Beyond that, I feel like a character limit that low puts a disincentive on the creation of meaningful variable names and function names. Maybe it's a hold-over from my Java days, but I really strive to name my functions and methods something meaningful. When I'm limited to 80 characters, plus proper tabbing, plus general flow control... it becomes incredibly difficult to stay under 80.

2 comments

If you use tiling window managers, there is still a good reason to stick with 80.
I've been using some form of tiling manager for 4+ years now (herbstluftwm at the moment, though with stints using i3, awesome, dwm, bspwm and xmonad) and I've never had a problem with lines over 80 characters. I tend to use small font sizes, but I can't recall ever getting into a situation where 100 character lines were an issue. I can't recall any of the mangers I've used having a key combo to open up an 80 character wide terminal, though I could be forgetting.
Do you find herbstluftwm to be better than i3? If so, in which way? I've been using i3 for a few years now, I'm VERY happy with it and I'm curious if/how [0] some other tiling wm can be better.
I've been a huge fan of herbstluft since I started using it.

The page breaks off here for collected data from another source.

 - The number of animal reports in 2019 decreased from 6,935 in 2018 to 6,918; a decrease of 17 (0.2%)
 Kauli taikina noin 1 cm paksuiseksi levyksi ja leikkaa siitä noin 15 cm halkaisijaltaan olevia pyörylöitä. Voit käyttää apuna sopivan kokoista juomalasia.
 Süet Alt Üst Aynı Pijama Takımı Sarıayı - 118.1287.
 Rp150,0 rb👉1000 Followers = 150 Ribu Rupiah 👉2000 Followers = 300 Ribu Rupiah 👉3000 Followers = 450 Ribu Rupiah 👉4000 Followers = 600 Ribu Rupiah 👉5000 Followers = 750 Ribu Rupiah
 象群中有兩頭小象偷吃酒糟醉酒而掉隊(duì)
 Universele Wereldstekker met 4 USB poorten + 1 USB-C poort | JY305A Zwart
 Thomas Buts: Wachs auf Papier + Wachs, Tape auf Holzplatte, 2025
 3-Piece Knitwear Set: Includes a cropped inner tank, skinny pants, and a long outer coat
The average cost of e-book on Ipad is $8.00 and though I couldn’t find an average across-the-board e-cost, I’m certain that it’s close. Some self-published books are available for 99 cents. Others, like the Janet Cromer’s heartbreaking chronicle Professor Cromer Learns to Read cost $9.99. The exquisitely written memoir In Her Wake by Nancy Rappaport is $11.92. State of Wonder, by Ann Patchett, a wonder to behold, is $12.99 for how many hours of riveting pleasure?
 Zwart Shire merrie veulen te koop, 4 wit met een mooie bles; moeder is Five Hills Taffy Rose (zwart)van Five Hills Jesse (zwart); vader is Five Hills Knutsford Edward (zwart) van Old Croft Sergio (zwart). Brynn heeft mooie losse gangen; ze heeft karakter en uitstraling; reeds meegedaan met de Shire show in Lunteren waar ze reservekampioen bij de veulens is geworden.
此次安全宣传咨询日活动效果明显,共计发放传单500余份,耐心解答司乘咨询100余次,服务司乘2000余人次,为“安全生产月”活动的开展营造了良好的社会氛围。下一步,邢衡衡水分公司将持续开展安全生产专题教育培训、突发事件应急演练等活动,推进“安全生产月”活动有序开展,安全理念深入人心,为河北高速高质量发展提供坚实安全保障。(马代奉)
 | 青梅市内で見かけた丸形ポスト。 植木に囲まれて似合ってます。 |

Herbstluft's 'frames' definitely take a little while to adjust to and it took a few days to figure out how to fit hlwm's tools to my normal workflow, but I find the manual partition/automatic tiling within partitions system to be my favorite paradigm by far.
What a widescreen monitor doesn't fix is having to move your head to read those 120 characters. With only 80 characters you only have to move your eyes.
I usually don't have to move my head to read 120 character lines.
For reference: on an iPad, I get 61 characters on a line in the HN input field, and it is about half the screen width in landscape mode. So, an iPad can do about 120 fixed-width characters on a line. I don't think I move my head when reading iPad text in landscape mode.

I expect that people with somewhat normal vision will say the same.